▶ **TASK TO COMPLETE**
Retype the following data exactly, but leave its pictures out.

[DATASET RECORDS Boundary: Start]

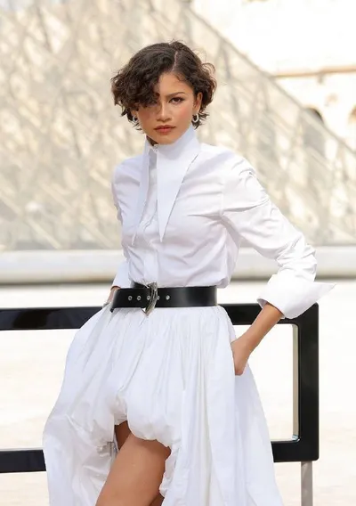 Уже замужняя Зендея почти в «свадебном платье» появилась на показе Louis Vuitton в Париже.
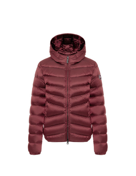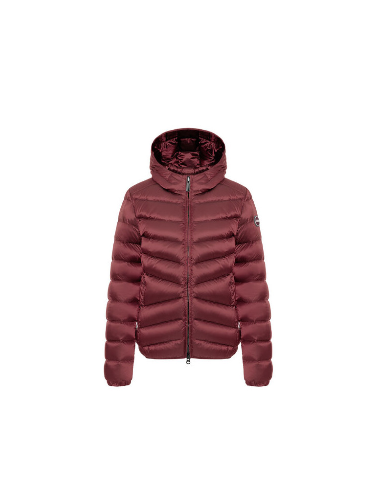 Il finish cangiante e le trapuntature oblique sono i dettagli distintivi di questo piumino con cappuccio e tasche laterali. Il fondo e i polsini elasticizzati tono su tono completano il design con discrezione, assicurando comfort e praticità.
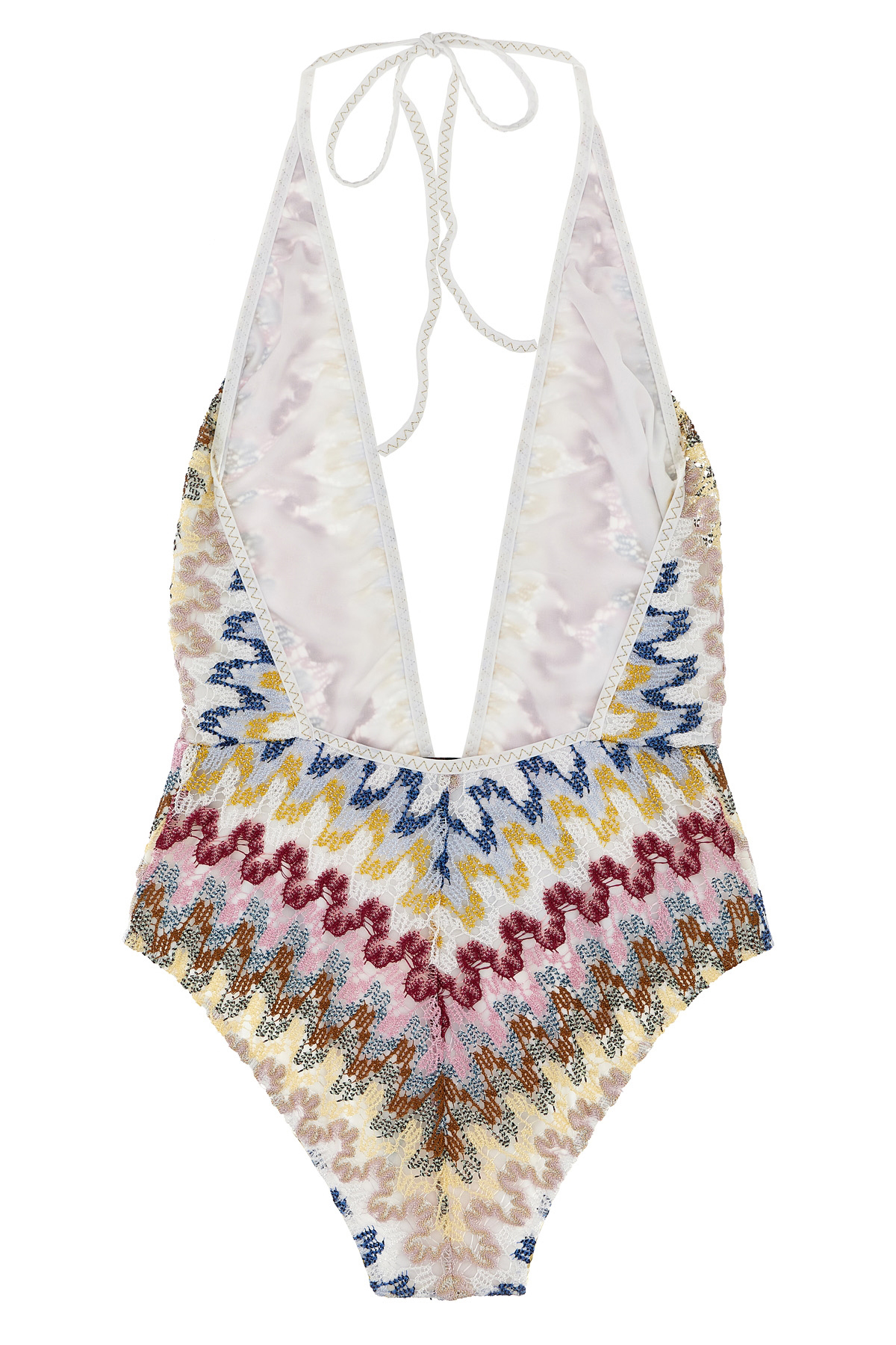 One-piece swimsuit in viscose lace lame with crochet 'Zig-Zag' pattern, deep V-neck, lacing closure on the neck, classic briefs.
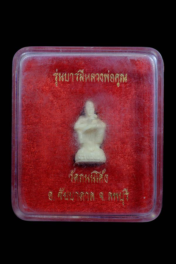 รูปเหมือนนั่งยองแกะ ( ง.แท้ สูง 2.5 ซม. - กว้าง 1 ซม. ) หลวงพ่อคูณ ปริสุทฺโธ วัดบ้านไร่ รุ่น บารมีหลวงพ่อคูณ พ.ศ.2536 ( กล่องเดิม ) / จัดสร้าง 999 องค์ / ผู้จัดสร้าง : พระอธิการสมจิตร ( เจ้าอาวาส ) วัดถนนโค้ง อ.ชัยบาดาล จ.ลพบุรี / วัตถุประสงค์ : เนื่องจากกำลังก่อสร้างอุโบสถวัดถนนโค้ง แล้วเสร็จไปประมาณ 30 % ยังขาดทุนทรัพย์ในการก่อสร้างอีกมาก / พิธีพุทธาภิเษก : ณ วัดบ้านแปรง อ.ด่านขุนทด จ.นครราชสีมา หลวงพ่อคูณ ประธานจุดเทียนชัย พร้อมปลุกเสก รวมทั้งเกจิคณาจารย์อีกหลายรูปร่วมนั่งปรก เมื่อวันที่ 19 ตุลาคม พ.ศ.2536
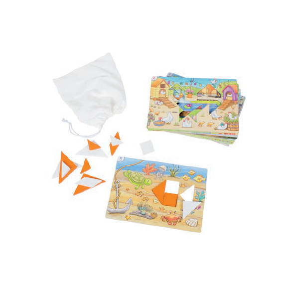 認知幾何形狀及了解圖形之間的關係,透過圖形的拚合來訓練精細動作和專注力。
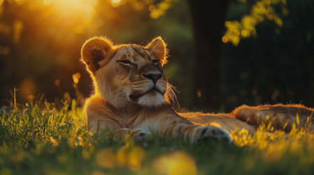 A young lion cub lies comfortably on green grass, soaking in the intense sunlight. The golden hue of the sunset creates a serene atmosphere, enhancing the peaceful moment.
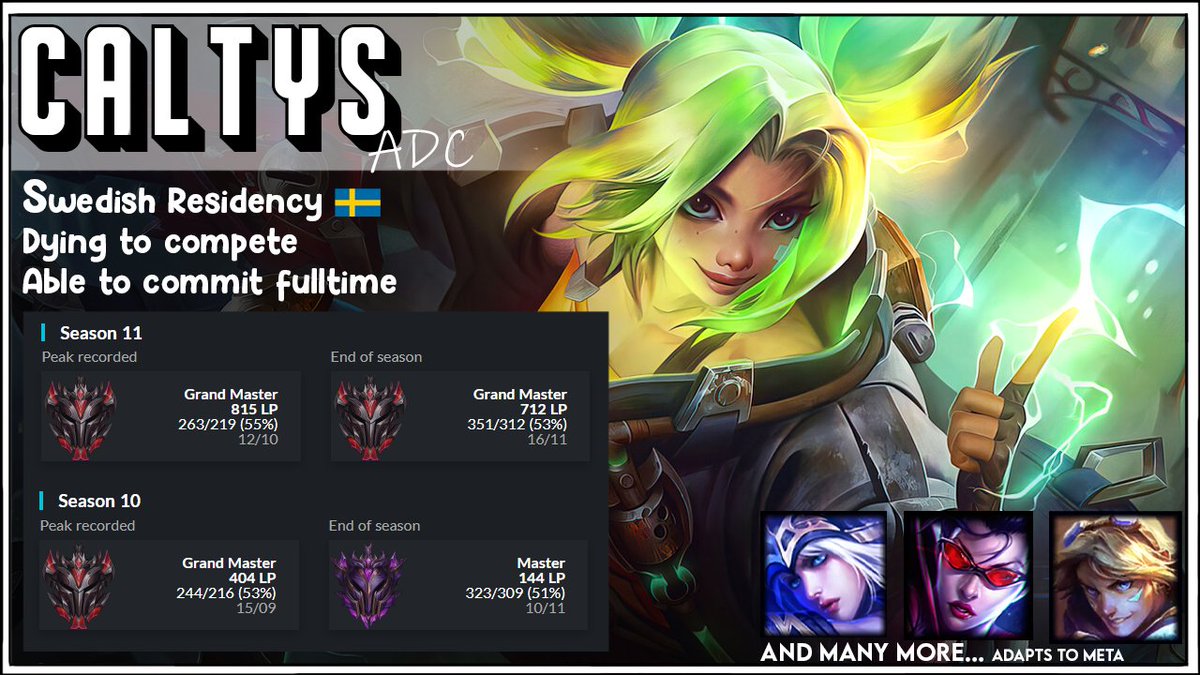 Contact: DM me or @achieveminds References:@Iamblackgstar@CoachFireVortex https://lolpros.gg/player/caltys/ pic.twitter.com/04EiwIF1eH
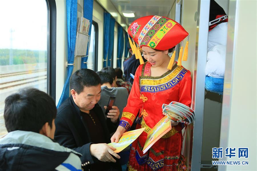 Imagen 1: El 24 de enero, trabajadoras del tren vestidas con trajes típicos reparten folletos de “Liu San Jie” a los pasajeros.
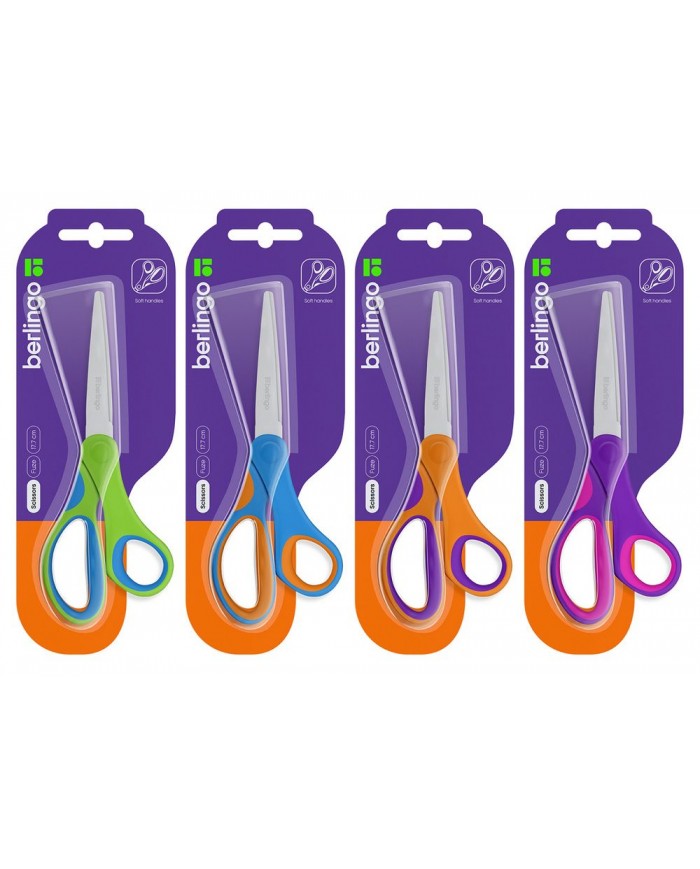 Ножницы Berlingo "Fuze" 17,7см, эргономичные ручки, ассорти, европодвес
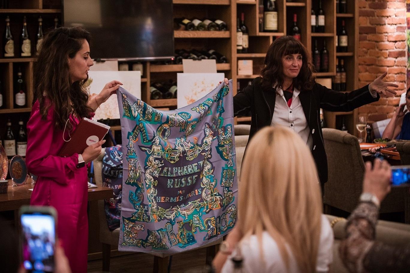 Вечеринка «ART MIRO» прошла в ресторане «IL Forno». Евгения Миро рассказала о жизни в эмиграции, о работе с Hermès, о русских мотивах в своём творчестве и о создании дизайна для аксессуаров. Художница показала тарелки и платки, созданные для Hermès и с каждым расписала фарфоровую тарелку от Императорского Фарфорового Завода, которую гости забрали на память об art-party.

[DATASET RECORDS Boundary: End]

▶ **RESPONSE TO THE TASK**
 Уже замужняя Зендея почти в «свадебном платье» появилась на показе Louis Vuitton в Париже.
 Il finish cangiante e le trapuntature oblique sono i dettagli distintivi di questo piumino con cappuccio e tasche laterali. Il fondo e i polsini elasticizzati tono su tono completano il design con discrezione, assicurando comfort e praticità.
 One-piece swimsuit in viscose lace lame with crochet 'Zig-Zag' pattern, deep V-neck, lacing closure on the neck, classic briefs.
 รูปเหมือนนั่งยองแกะ ( ง.แท้ สูง 2.5 ซม. - กว้าง 1 ซม. ) หลวงพ่อคูณ ปริสุทฺโธ วัดบ้านไร่ รุ่น บารมีหลวงพ่อคูณ พ.ศ.2536 ( กล่องเดิม ) / จัดสร้าง 999 องค์ / ผู้จัดสร้าง : พระอธิการสมจิตร ( เจ้าอาวาส ) วัดถนนโค้ง อ.ชัยบาดาล จ.ลพบุรี / วัตถุประสงค์ : เนื่องจากกำลังก่อสร้างอุโบสถวัดถนนโค้ง แล้วเสร็จไปประมาณ 30 % ยังขาดทุนทรัพย์ในการก่อสร้างอีกมาก / พิธีพุทธาภิเษก : ณ วัดบ้านแปรง อ.ด่านขุนทด จ.นครราชสีมา หลวงพ่อคูณ ประธานจุดเทียนชัย พร้อมปลุกเสก รวมทั้งเกจิคณาจารย์อีกหลายรูปร่วมนั่งปรก เมื่อวันที่ 19 ตุลาคม พ.ศ.2536
 認知幾何形狀及了解圖形之間的關係,透過圖形的拚合來訓練精細動作和專注力。
 A young lion cub lies comfortably on green grass, soaking in the intense sunlight. The golden hue of the sunset creates a serene atmosphere, enhancing the peaceful moment.
 Contact: DM me or @achieveminds References:@Iamblackgstar@CoachFireVortex https://lolpros.gg/player/caltys/ pic.twitter.com/04EiwIF1eH
 Imagen 1: El 24 de enero, trabajadoras del tren vestidas con trajes típicos reparten folletos de “Liu San Jie” a los pasajeros.
 Ножницы Berlingo "Fuze" 17,7см, эргономичные ручки, ассорти, европодвес
 Вечеринка «ART MIRO» прошла в ресторане «IL Forno». Евгения Миро рассказала о жизни в эмиграции, о работе с Hermès, о русских мотивах в своём творчестве и о создании дизайна для аксессуаров. Художница показала тарелки и платки, созданные для Hermès и с каждым расписала фарфоровую тарелку от Императорского Фарфорового Завода, которую гости забрали на память об art-party.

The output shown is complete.